Tuesday, August 26, 2014

"Don't Worry, Be Happy!"

     Most people like to say they have their life figured out. I was one of those people.. I was going to go to college, have a beautiful marriage and a job I loved. That was my plan.. I'm pretty sure I had it planned down to the minute. But then things changed..situations were no longer so perfectly coinciding with my plan. My plan I had for my life had been thrown completely off track and I didn't understand . Then, I realized it was never MY plan to make.  God created a plan for our lives before we even had life. 
       Sometimes we feel like things are falling apart when really God is trying to mold our plan according to His. While it may be some of the hardest times in our lives we will be so thankful for them in the future. This may seem like the perfect time to be angry with God for messing up what you thought was the perfect plan but this is the time you need Him more than ever.
     The day I started praying for His guidance and His will to be done in my life was the day I saw things start to turn around.
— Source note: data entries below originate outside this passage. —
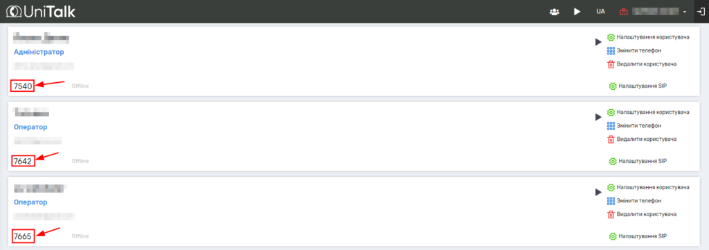 5. Наступний крок — закріплення за користувачами CRM-системи номерів SIP ліній. Ці номери можна подивитись в особистому кабінеті UniTalk у розділі “Користувачі.”
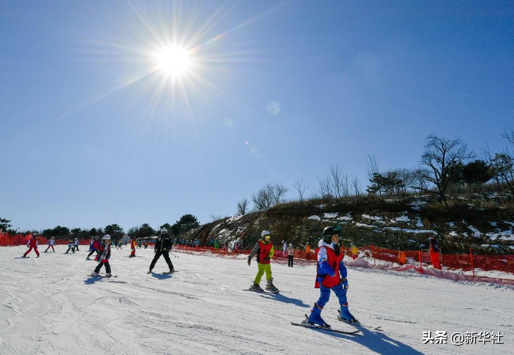 在天津薊洲國際滑雪場,教練與小朋友在雪道上練習(xí)滑雪(2月20日攝)。新華社記者 孫凡越 攝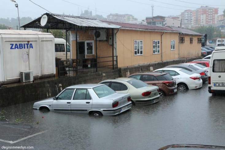 Müftü Mahallesi Çetin Emeç Caddesi Suat Başol Caddesinde otoparkta park halinde bulunan araçlar da aşırı yağışlar ve menfez yetersizliğinden sular altında kaldı.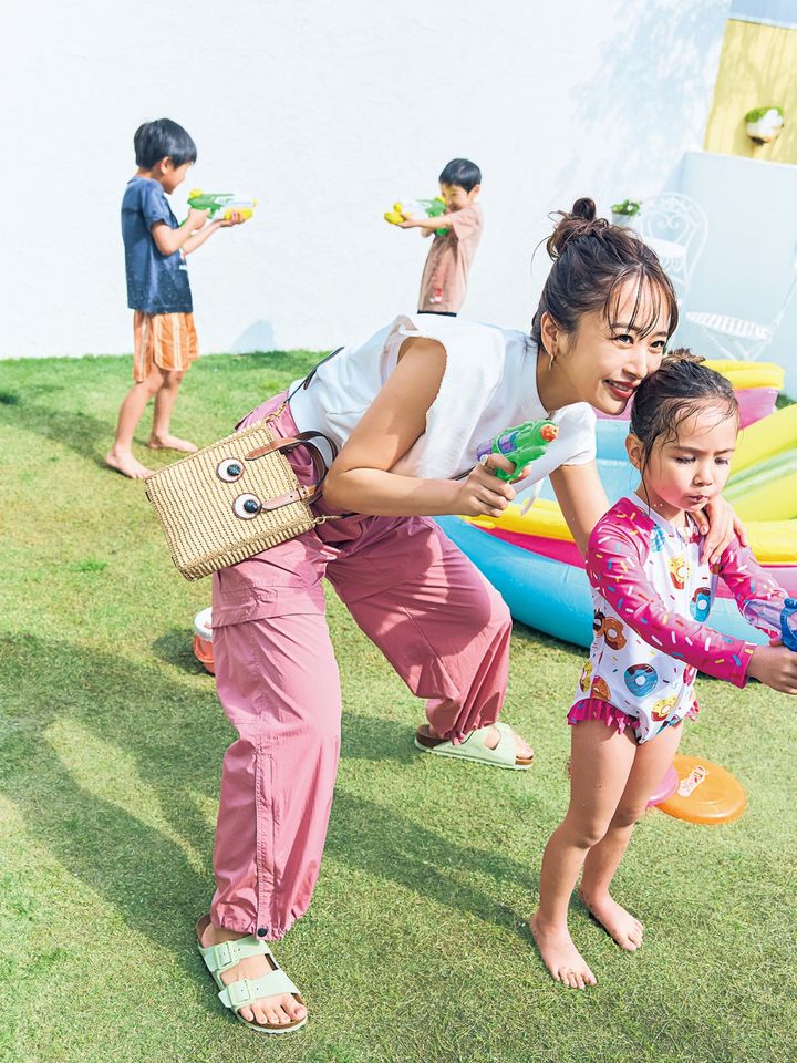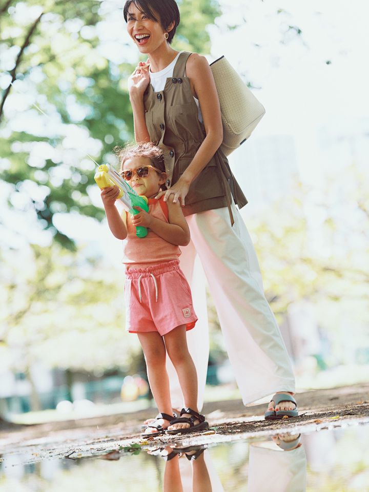 濡れてもいいオシャレ服があると、雨の日も水遊びも楽しみになるもの。「雨の日感」なくオシャレできるので、帰りに晴れても違和感なし。撥水素材は汚れもサッと拭いて落ちるものが多く、子連れの普段着としても重宝しそうです。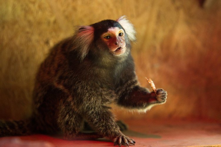 Для справки: белоухая игрунка (callithrix aurita) – это типичный представитель самых маленьких приматов на планете, семейства игрунковых. Водятся эти обезьянки в вечнозеленых субтропических лесах Юго-Восточной Бразилии. Среди других игрунковых они отличаются особой внешностью. Из-за белой шерстки, которая растет над ушами, их прозвали белоухими. Это общительные животные. Создаётся впечатление, что игрунки без остановки щебечут что-то друг другу. Характерным их признаком также является умение издавать свист на грани ультразвука. В настоящее время численность популяции белоухих игрунок низка, вид занесен в Красную книгу как уязвимый.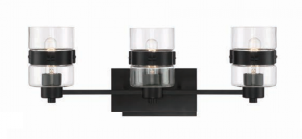 Matte Black 3 Light Vanity with clear glass shade is part of the Midnight LA collection
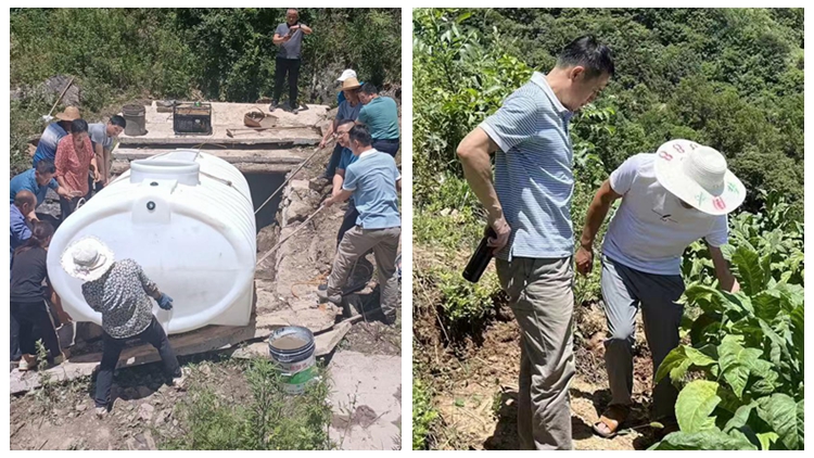 劉勇首先查看了我校援建的蓄水池改造工程,該工程建成后可滿足11戶60余人飲水及煙田灌溉,切實(shí)解決原飲水設(shè)施年久失修、雨期雨水倒灌、蓄水池漏水、水質(zhì)污染等問題。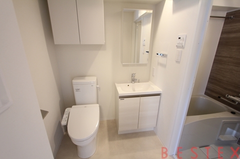 脱衣所にはトイレ、独立洗面台があり、スペースは広めです!
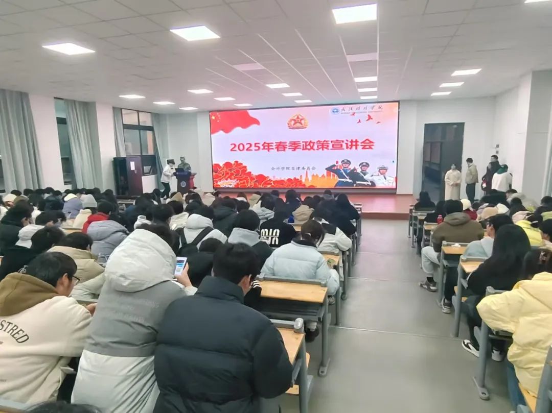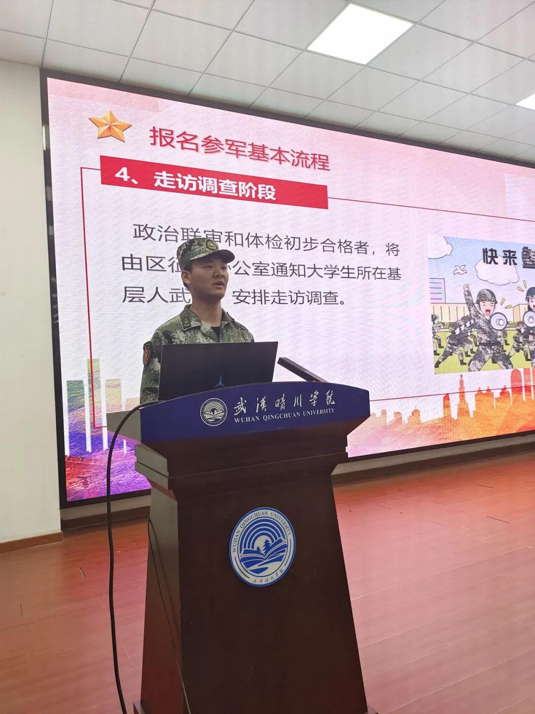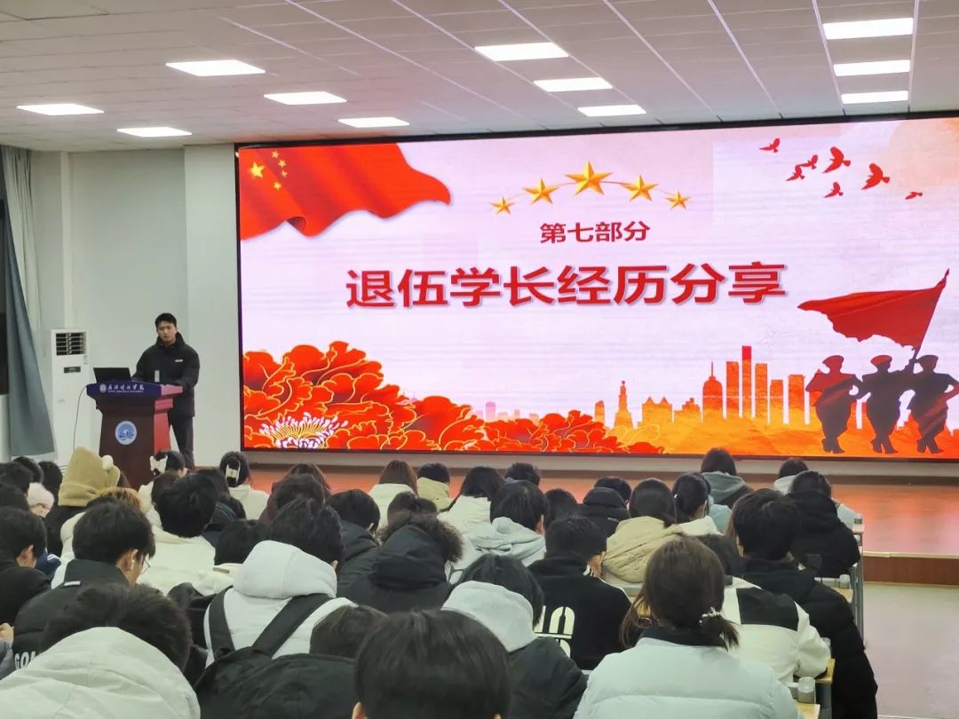 在会上,由退伍军人、自律委员会征兵动员部部长张伟峰同详细介绍了国家征兵政策、征兵条件、征兵流程、士兵待遇及退役安置等,使学子们对军旅生活有了更直观的认识。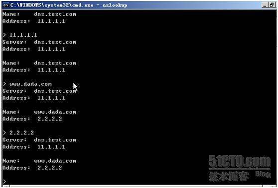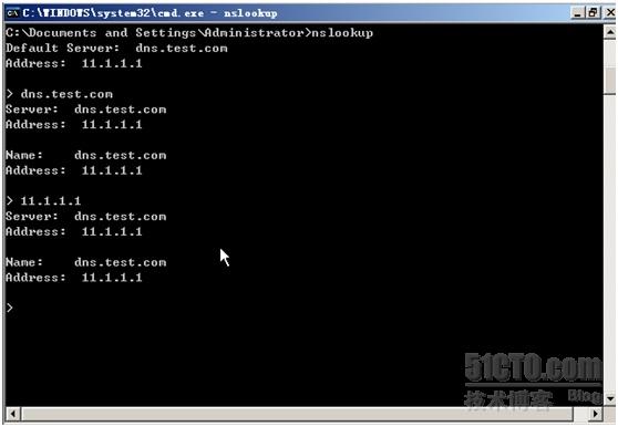 7、測試。在命令提示符中,依次鍵入nslookup,測試域名:dns.test.com和IP:11.1.1.1都出現(xiàn)相應(yīng)的解析畫面,如下圖,則dns服務(wù)器解析成功。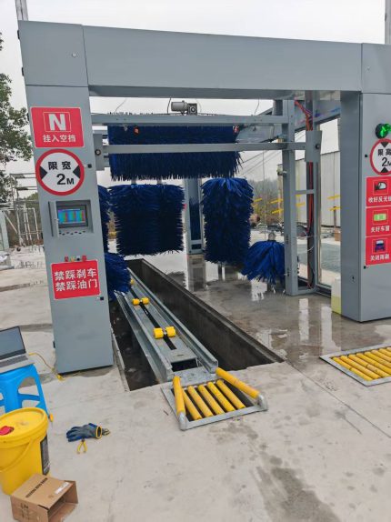 产品描述:隧道式连续洗车机AKSL-9F全自动洗车机在洗车时车子不动,而是随着传送带向前移动,因为其外形像隧道一样封闭,所以被称为隧道洗车机。 它的优点是:洗车机效率高,速度快,对于一天洗车400辆以上的用户来说比较实用。 产品描述:隧道式洗车机使用非常简单,对车身油漆的损伤也较小,近来在汽车服务业得到广泛的应用。 洗车机本身洗车速度非常快,可以进行连续不间断的洗车作业,洗一辆车大概需要2-3分钟,现在由于洗车速度的提高,一天可以洗400辆以上的车。 功能介绍:隧道式洗车机可对上千种中小型车辆的表面进行高压水洗、刷洗、风干等清洗作业。 车辆进入洗车房后,首先会进入自动牵引轨道,然后用高压水枪将车身表面的污垢冲洗干净,再使用泡沫洗包括超柔泡沫棉对车身表面进行细致全面的清洗。 随后会在汽车表面喷洒保护性水溶性蜡,以保护车身并赋予其靓丽的视觉效果。 最后风干。整个洗车过程都是由电脑控制刷子来洗车,节省了大量的人力。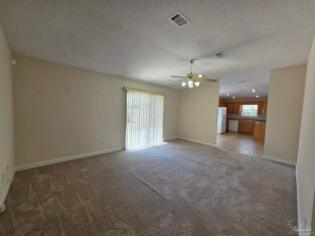 Welcome to our charming home in Southwest Pensacola,FL! Located in a neighborhood close to NAS Pensacola back gate,this 3-bedroom,2-bathroom house offers a comfortable and convenient living experience. Spacious living room with sliding doors that flows to the kitchen and dining area that creates a spacious and functional layout. A large pantry provides ample storage for all your culinary needs. The master bedroom boasts a walk-in closet,perfect for organizing your wardrobe. The master bathroom features a double vanity,adding a touch of luxury to your daily routine. Ceiling fans throughout the house ensure a cool and comfortable atmosphere. The flooring is a combination of carpet and vinyl,offering both comfort and durability. An indoor laundry room adds convenience to your daily chores. Step outside onto the open patio,where you can enjoy the Florida sunshine and entertain guests. The 2-car garage provides secure parking for your vehicles. Double pane windows help to keep the home energy-efficient. Stay comfortable year-round with central heat and air conditioning. The gas water heater and heat system ensure efficient and reliable hot water and heating. Situated in a cul-de-sac,this home offers a quiet environment. Additionally,you'll have access to a neighborhood park,perfect for outdoor activities and relaxation. Don't miss out on this fantastic opportunity to make this house your home. No smoker's please. Please note that no pets are accepted in this property. Roommates,if allowed,must submit their applications separately and qualify individually.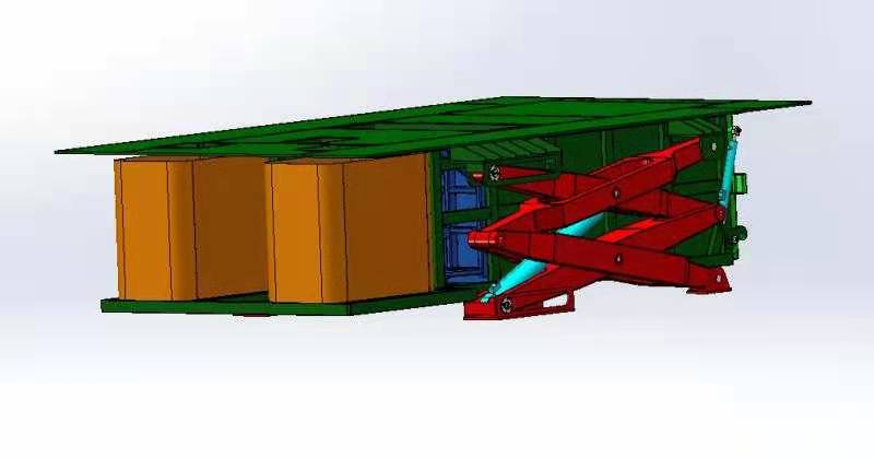 (1)舉升臂架:舉升臂架采用雙側(cè)雙層剪叉結(jié)構(gòu)。臂架均采用高強(qiáng)度鋼板、數(shù)控成型、等離子切割焊接而成,安裝于箱體兩側(cè),用于垃圾箱升降導(dǎo)向;立柱上裝有保險(xiǎn)鎖機(jī)構(gòu)。單垃圾箱舉升后可對垃圾箱進(jìn)行鎖止限位,避免對在地坑中檢修、保潔人員的危害。
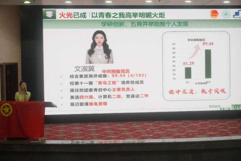 在活动的最后,团支部邀请优秀学姐文淑冀进行大学经验分享,号召新生同学们在大学生活中找准目标,砥砺前行;并用研支团的亲身经历鼓励广大青年团员将个人梦想融入国家发展大局,用青春的智慧与汗水为现代化建设贡献力量,展现青年担当。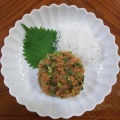茹で上がったらしっかり湯切りをして、どんぶりに盛ります。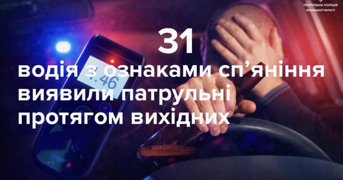 Протягом вихідних вінницькі пaтрульні склaли 31 протокол нa водіїв, що кермувaли трaнспортними зaсобaми з ознaкaми сп’яніння.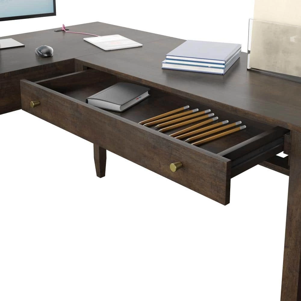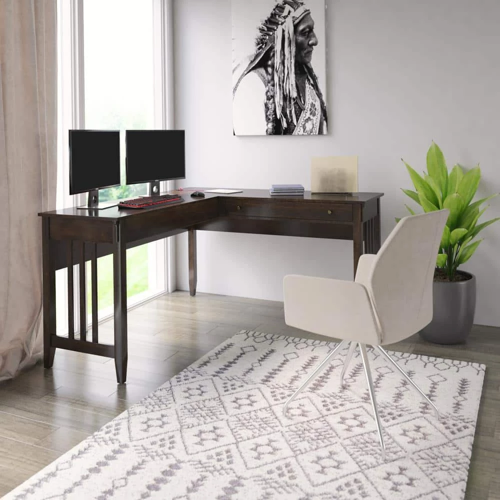 This L-shaped desk offers plenty of room to multi-task whether you are working or playing. The L-shaped design allows you to spread out a bit more while also fitting into any corner of your home for a workstation that maximizes space. Place multiple monitors, a pro-gaming setup, or home decor items like an accent lamp and decorative plants on the desk’s large, open surface. Get even more done with the two built-in USB ports that will keep your devices powered all day long. A wide drawer also provides ample hidden storage for small items like pens and paper clips, or even a keyboard.

It's one of the most difficult things to put your entire life into His hands but it's the best decision you could ever make! We serve such a loving God that only wants to pour His wisdom and love into our lives. So, when it seems as if things are falling apart a lot of time it's just God asking us to let Him in!
         The best part is God tells us not to worry or be anxious! Only God's shoulders are broad enough to carry your worry. So don't worry through this time, just be happily patient while God works in your life!
  • Philippians 4:6-7

    Do not be anxious about anything, but in everything, by prayer and petition, with thanksgiving, present your requests to God.  And the peace of God, which transcends all understanding, will guard your hearts and your minds in Christ Jesus.
~~Xoxo~~

Friday, February 21, 2014

Finally it's the weekend..time for rest?

Be Still
Imagine you’re sitting at lunch with your old high school friends conversing after so much time that only feels like mere days have past. You sip your sweet tea silently as you hear laughter and gossip of the latest relationship or excitement of summer travel plans. The attention is turned toward you to tell what’s new in your life; the silence continues. If you know me my whole life has been pretty much mapped out by the minute and full of struggles to fit everything in lately, its’ been the complete opposite.” Maybe I can talk about what I’ve pinned on Pinterest lately or my new dress?” That accounting test coming up? No, I sit there in silence.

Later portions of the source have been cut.